Hairpin turns: The road to educational reform has been winding

Indonesia has a sizeable higher education system, encompassing some 92 public universities and 3000 colleges. The country has tried a number of different structures in an attempt to make these institutions both financially strong and effective in educating people regardless of economic background. So far, at least, it has not found the right mix of public control and private participation.

Measured by head count, the country’s tertiary education is hitting a clear growth patch. Aided by its demographics and rapid economic expansion, Indonesia is expected to have one of the largest university populations in the world by 2035. The chief issue, though, is funding. Most of the great sums the country is committing to education will be spent on primary and secondary schooling. The World Bank estimated in 2010 that spending on higher education was just above 1% of GDP, which is low by international standards. Public expenditure on universities was about 0.3%.

Telling Figures

One fear is that, unless local universities are improved, the country’s brain drain will be exacerbated. At present more than 36,000 Indonesian students study overseas, mostly in Malaysia, Singapore and Australia. The lack of qualified graduates, meanwhile, is leading to a severe labour shortage that threatens the country’s prospects. In May 2013, a report by the Boston Consulting Group said that Indonesia was facing a talent gap: half of all jobs, it said, will soon be managerial or administrative, up from 38% today.

Research and development (R&D) is another concern. The country’s institutions tend focus only on their core mandates, and subsist on fees and government funds. As a result, they are little able to invest in long-term projects and programmes. On the whole, the country spends very little on R&D – 0.08% of GDP in 2009, compared with 1% in Malaysia and 2% in Singapore.

To & Fro

The road to change has been a winding one. In 1999, Government Regulation 61 transformed seven universities from public entities to independent legal ones: the University of Indonesia, Bandung Institute of Technology, Bogor Agricultural University, Gadjah Mada University, Indonesia University of Education, University of North Sumatra and Airlangga University. The idea was to improve their operations and finances. As independent bodies unencumbered by obligations to the bureaucracy, which was seen as inefficient and obstructive, they would be free run their own accounts, raise their own funds and build their own endowments. This would in turn allow them to pursue research apace. This treatment was extended to all universities in 2008, via the Law on Educational Legal Entity.

Both laws generated a great deal of concern.
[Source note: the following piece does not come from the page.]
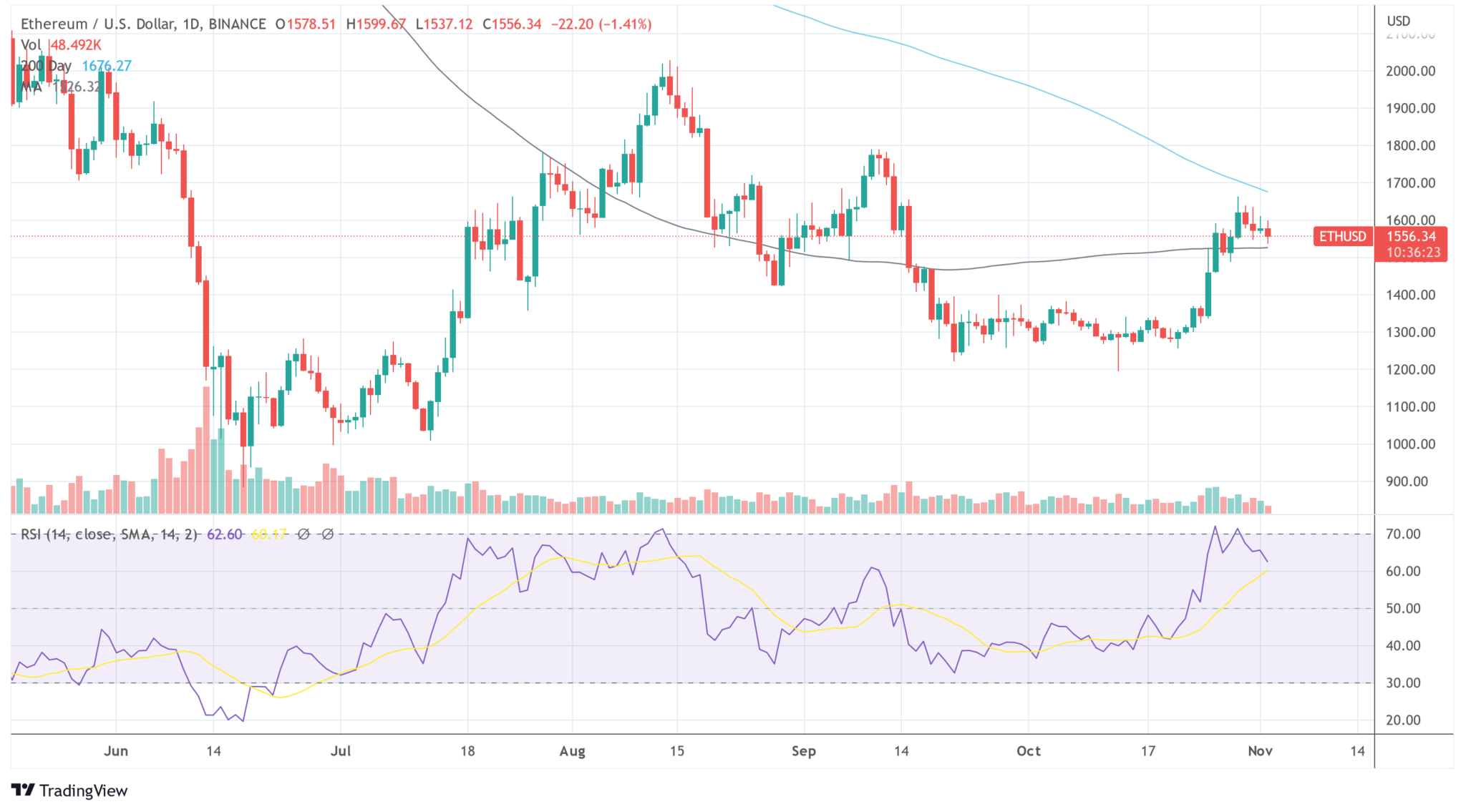 Ahead of today’s FOMC meeting, ETH investors seem to remain cautious. The price is moving below the 200-day moving average, but above the 100-day moving average.

Educators and students fretted that universities would eventually be privatised. Corporate interests, ran the argument, would take over and run them with too much emphasis on profit. That would lead to tuition hikes, putting education out of reach to the poor.

So, in 2010, the Constitutional Court annulled the law, on the grounds that educational legal entities would not best serve the interests of all levels of society. Universities were once more placed under the direct administration of the Ministry of Education and Culture.

A fresh attempt came in August 2012, when a new law gave universities fiscal autonomy again, this time with conditions. The ministry is to evaluate whether each institution is managing its finances properly, and intervene if it finds commercial considerations to be interfering with a university’s primary mandate. In early 2013, the government also reverted the seven public universities back to being state-owned.

Going International

The state has taken two other steps toward reform. First, it is giving universities more freedom to internationalise. Foreign institutions are now allowed to set up branches in the country, and domestic ones are encouraged to hire more foreign lecturers. Second, the government said it plans to build 500 community colleges in five years. This, it says, will better balance the supply of graduates to fit the economy’s needs. Such reforms are not so much about educating new leaders as helping train a future workforce.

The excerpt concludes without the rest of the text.